In ancient Greek mythology, the god Apollo became infatuated with a beautiful mortal named Cassandra.  He bestowed upon her the gift of prophecy; however, when she spurned his advances he twisted the gift he had given her.  She was doomed to prophecy truth, but never to be believed.
On May 2nd, the newspaper headlines sent a chill down my spine.  I had been toying with the idea of creating this blog for some time; I was becoming more and more convinced that lives were in at stake.  Then, I opened the news.  Junior Seau, formerly a hard-hitting linebacker for the San Diego Chargers, was dead of a gunshot wound to his chest. 

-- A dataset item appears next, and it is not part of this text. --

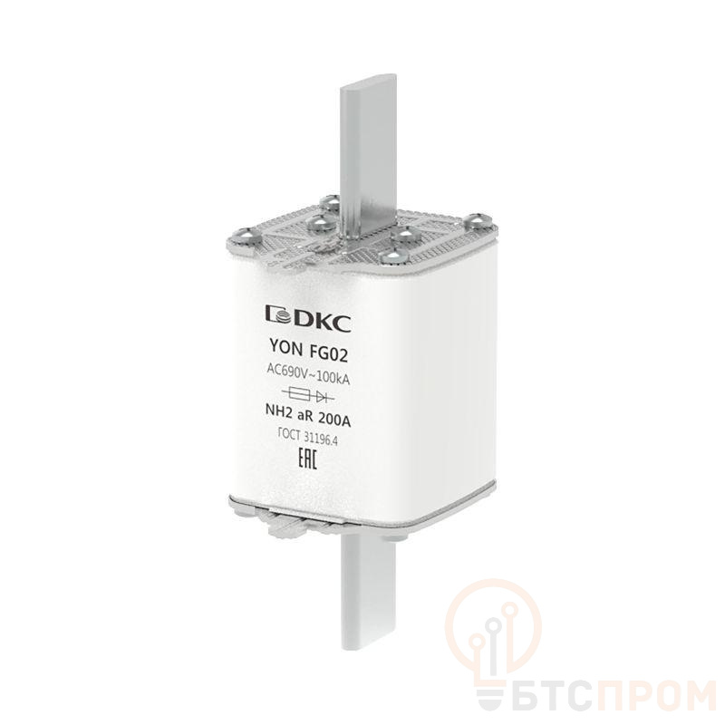 Предохранитель YON ножевого типа FG2 с одинарной индикацией 200А предназначен для защиты полупроводников и электронных компонентов электроустановки от короткого замыкания в цепях переменного тока напряжением до 690В (характеристика aR).

I had known, intellectually, that football players were going to kill themselves while I was writing this blog.  In fact, given the total number of athletes involved in football each year, the scenario was almost certainly doomed to come true.  However, Seau’s suicide gave me a jolt of urgency.  Although swifter creation of God Hates Football would in no way have prevented Seau’s suicide, there are parents right now signing their children up for football who might be dissuaded.  It sounds overly dramatic to say that the lives of those children hang in the balance—but it’s true.  If a million children decided to take up some other sport, some number of them would be spared the addled brains the football can cause.  Their lives do indeed hang in the balance.
It is an awful thing for a truth to be disregarded; it is just as senseless if that truth is never heard.  If you agree that the risks of football far outweigh its rewards, tell somebody.  Tell your neighbor.  Share this book.

And for goodness sake, if you have been considering signing your son up for football—don’t!